I'm trying to detect with a short, mp3 jingle plays inside of a larger mp3 audio clip using Librosa. However, I'm having difficulty getting it to work, and I have no idea where to go next. This is the code that I have so far based off of this StackOverflow answer, though I am willing to detect the location of the jingle through another method or library.
# Load the audio as a waveform
# Store the sampling rate
JingleWave, JingleSR = librosa.load(short.mp3)
EpisodeWave, EpisodeSR = librosa.load(long.mp3)

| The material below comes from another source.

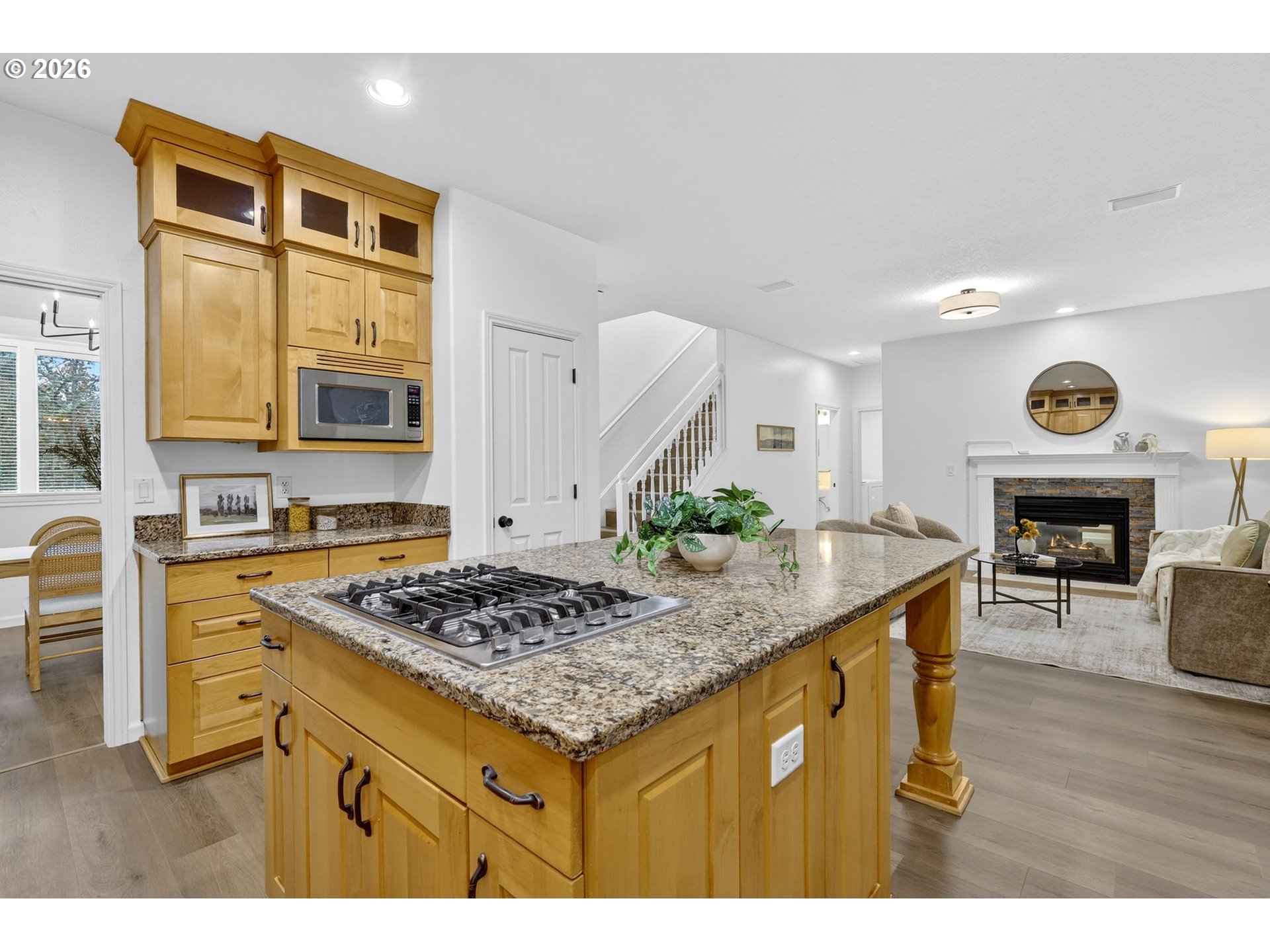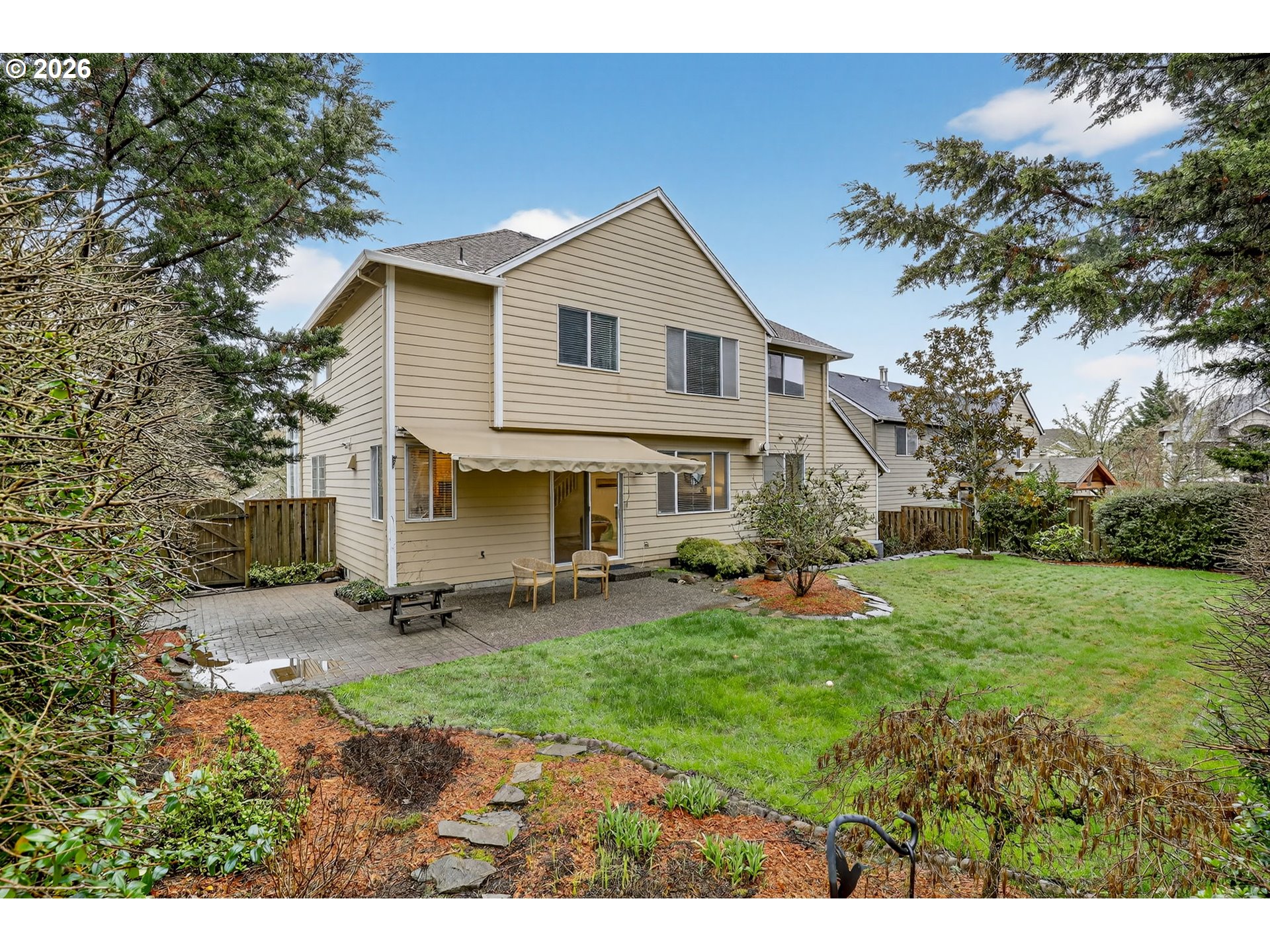 - Extensively updated throughout and truly move-in ready, this 4 bedroom + den + bonus/media room, 2.5 bath home with a 3-car garage sits on a rare corner lot in one of the area’s most sought-after locations, just minutes from Progress Ridge, Murray Scholls Town Center, top-rated schools, parks, dining, high-tech employers, and major highways. The entire interior has been freshly painted and features brand-new luxury vinyl flooring throughout, along with updated interior and exterior lighting, plumbing fixtures, and hardware for a clean, cohesive look. Soaring ceilings and expansive windows flood the formal living and dining areas with natural light, framed by architectural columns that create openness while maintaining definition. The kitchen anchors the home with floor-to-ceiling cabinetry, granite countertops, a built-in wine rack, stainless steel appliances, a large pantry, and a generous center island with seating for four, built-in gas range cooktop, and an undermount sink with gooseneck faucet overlooking the backyard. The adjoining family room offers a fireplace and sliding patio doors that open to a fully fenced,landscaped yard with a retractable patio awning, perfect for everyday living and entertaining. A private main-level den with its own fireplace provides flexibility for a home office, guest room, or multi-generational setup. Upstairs, four spacious bedrooms plus a bonus room offer room to spread out, including a secondary bedroom with a walk-in closet and a primary suite featuring its own walk-in closet, soaking tub, separate shower, dual sinks, and private water closet. The extra-deep 3-car garage includes a substantial open loft platform above the interior entry with additional usable storage below, maximizing vertical space while keeping the garage fully functional. Buyer to verify square footage. Central A/C, appliances, and a Fidelity Comprehensive Plus home warranty are included. Schedule your showing today.

# Power spectrograms of file
# I notice through debugging that the length of these arrays are the same
# despite them being very different file lengths
JingleSpectogram = np.abs(librosa.stft(JingleWave))
EpisodeSpectogram = np.abs(librosa.stft(EpisodeWave))
# Define binary structure for the footprint
# This is the part that is most likely to be faulty, as I most did it because
# maximum filter requires a footprint
structure = generate_binary_structure(2,1)
# Find local peaks to create constellation maps (2D images only containing peaks)
JingleCM = maximum_filter(JingleSpectogram, footprint=structure)
EpisodeCM = maximum_filter(EpisodeSpectogram, footprint=structure)
# Get time frames of the constellation maps
JingleLength = JingleCM.shape[0]
EpisodeLength = EpisodeCM.shape[0]
# Keep track of what segments match the most
scores = []
# Compare audio to find matching audio
for offset in range(EpisodeLength-JingleLength):
EpisodeExcerpt = EpisodeCM[offset:offset+JingleLength]
score = np.sum(np.multiple(EpisodeExcerpt,JingleCM))
scores[offset] = score
# Find when the highest score happens
highestScore = -1
for num in range(len(scores)):
if highestScore < num:
highestScore = num
# Convert score into the position of where the jingle starts
print(scores.index(highestScore))
print(highestScore)
I am just a beginner at programming so any help is much appreciated.